Черный кот посмотрел ей вслед, изогнувшись зализывал лоснящуюся, ухоженную шкурку, снова посмотрел, что-то обдумывая, вскочил на кресло, с кресла на подоконник и направился по карнизу привычной дорогой.
Никита все время молча наблюдал за Анатолием: неспокойный, прилипчивый взгляд, перебегающий с предмета на предмет… Нарезное ружье, окруженное холстами, подлинниками и копиями; антикварный набор вдоль стен, квартирный ключ на розовой ленточке — непрерывная смена вещей и явлений.
— У тебя появилась склонность к предвзятым суждениям, Толя!

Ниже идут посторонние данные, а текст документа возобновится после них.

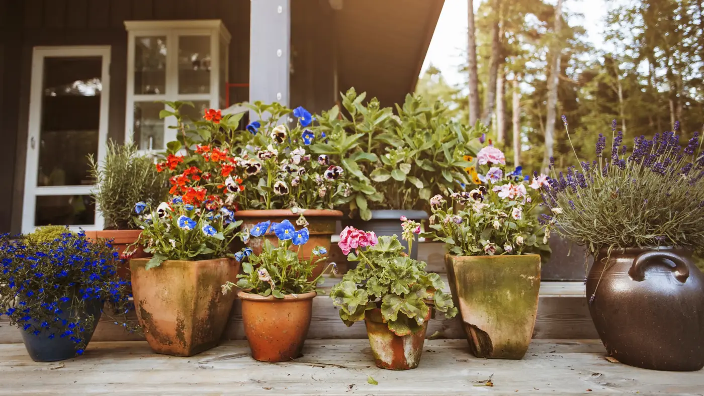 Blomster i krukker på terrasse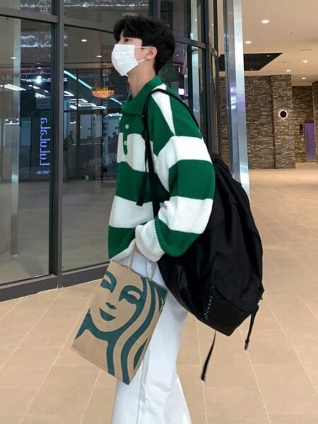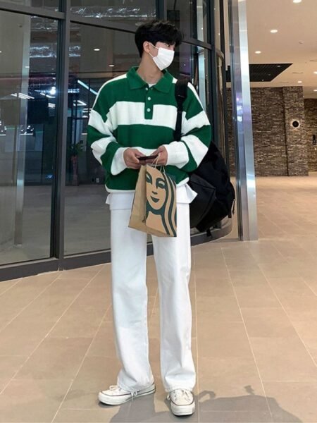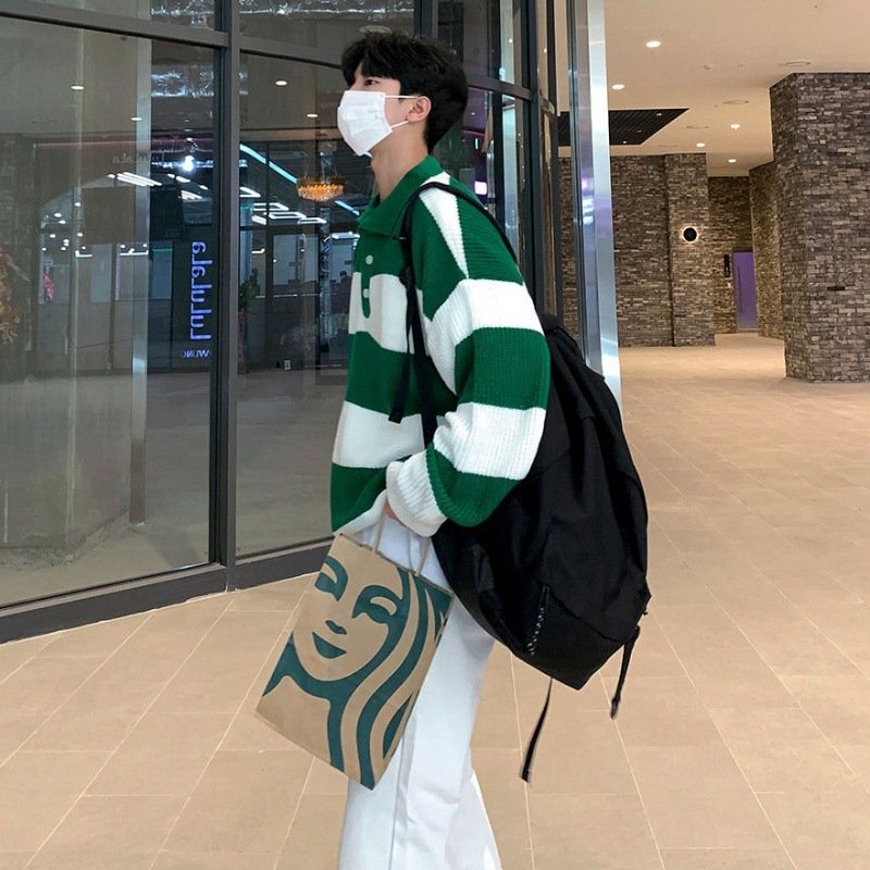 Striped Polo Sweater Men's Autumn And Winter Lapel
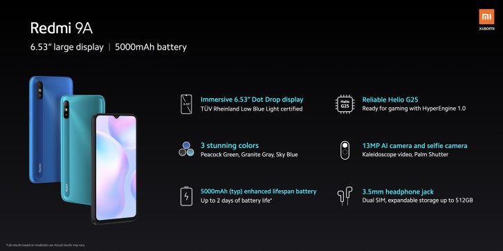 Redmi 9A будет доступен для покупки в сером, зеленом и синем цветах.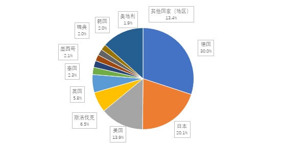 2021年1-5月,上述十国汽车商品累计进口金额356.2亿美元,占全部汽车商品进口总额的86.6%。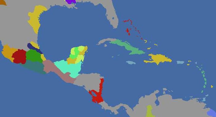 中米、カリブ海の状況 カスティーリャとポルトガルの2強。カスティーリャは中米部族国家への征服を開始。 イングランドも中米にそこそこの拠点を築く。ノルウェーはカリブ海に4島だけ所持。
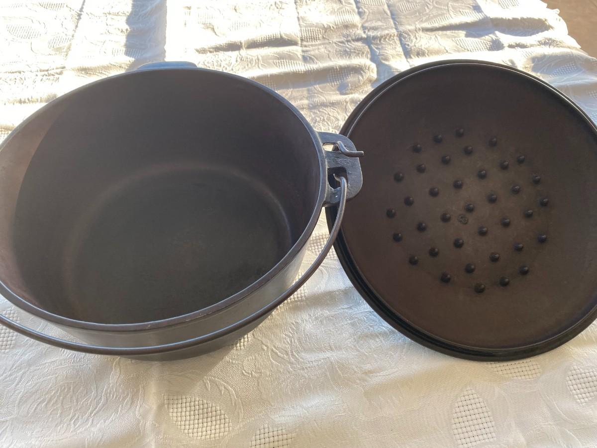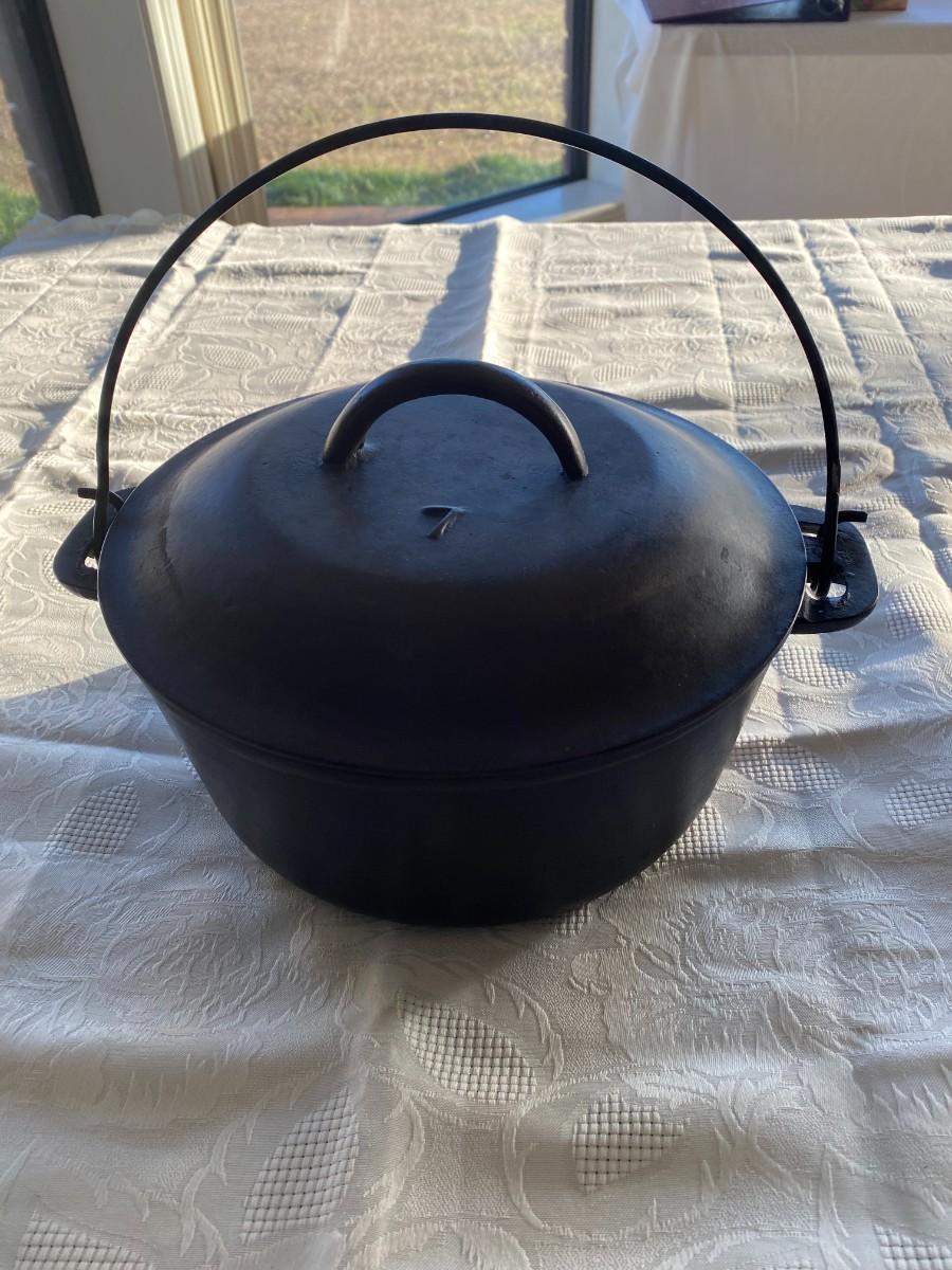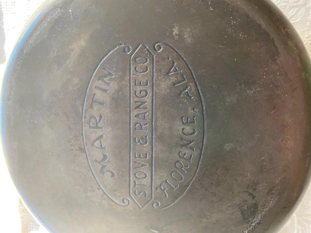 Cast-iron Dutch oven with lid & handle. Martin Stove & Range Co., Florence, AL. Excellent condition. Looks like it's never been used. Very smooth finish. Approx. 9-1/4" diameter

— Ладно, скажи лучше, какой сегодня день?
— День? Ты имеешь в виду дни недели?
— Да, имею в виду дни недели, имею в виду, что сегодня воскресенье. Воскресенье! Не так ли? А Катерина Игнатьевна — надеюсь ты заметил — сказала: „Мне еще на базу!“ Разве у вас базы работают по воскресеньям?
— Ну вот, пожалуйста, образцовое буквальное мышление. Мало ли что скажет женщина, когда не хочет говорить правду?
— Мне придется съездить в город, Никита, — поднялся Анатолий.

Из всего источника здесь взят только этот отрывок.